In den kommenden 12 Monaten wollen Sobotta und Tautz 12 Geschichten veröf­fent­li­chen. Zu jeder Geschichte gehören eine Fotore­por­tage, ein Kurztext, ein Video und ein Panora­ma­foto. Dazu können je nach Ort und Begeben­heit noch andere mediale Formate treten. Veröf­fent­licht wird alles auf einer Website, gesucht werden aber auch mediale Koope­ra­ti­ons­partner wie Zeitungen, Websites, Unter­nehmen oder Blogs, die die Geschichten weiter­erzählen.
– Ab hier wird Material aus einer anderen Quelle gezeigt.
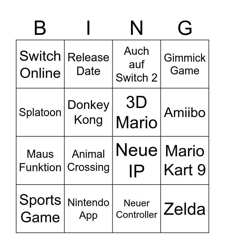 This bingo card has 16 words: Nintendo App, Mario Kart 9, Auch auf Switch 2, Switch Online, Maus Funktion, Release Date, Neue IP, Neuer Controller, Splatoon, Donkey Kong, Sports Game, Gimmick Game, Animal Crossing, Amiibo, 3D Mario and Zelda.

Das Besondere dabei: Die Geschichten erscheinen über ein Jahr verteilt, jeden Monat eine.

Seit Beginn der Planungen für das Projekt vor einein­halb Jahren haben die beiden unzählige Geschichten aufge­spürt, die es wert sind, erzählt zu werden. Einige stehen für die Umsetzung schon fest: das Zister­zi­en­ser­kloster Walken­ried, die Kaiser­pfalz in Goslar, das Polster­berger Hubhaus. Aber aus jeder Geschichte ergeben sich so viele neue, dass ihren Erzählern die Freiheit wichtig ist, auch mal spontan eine andere Geschichte zu reali­sieren.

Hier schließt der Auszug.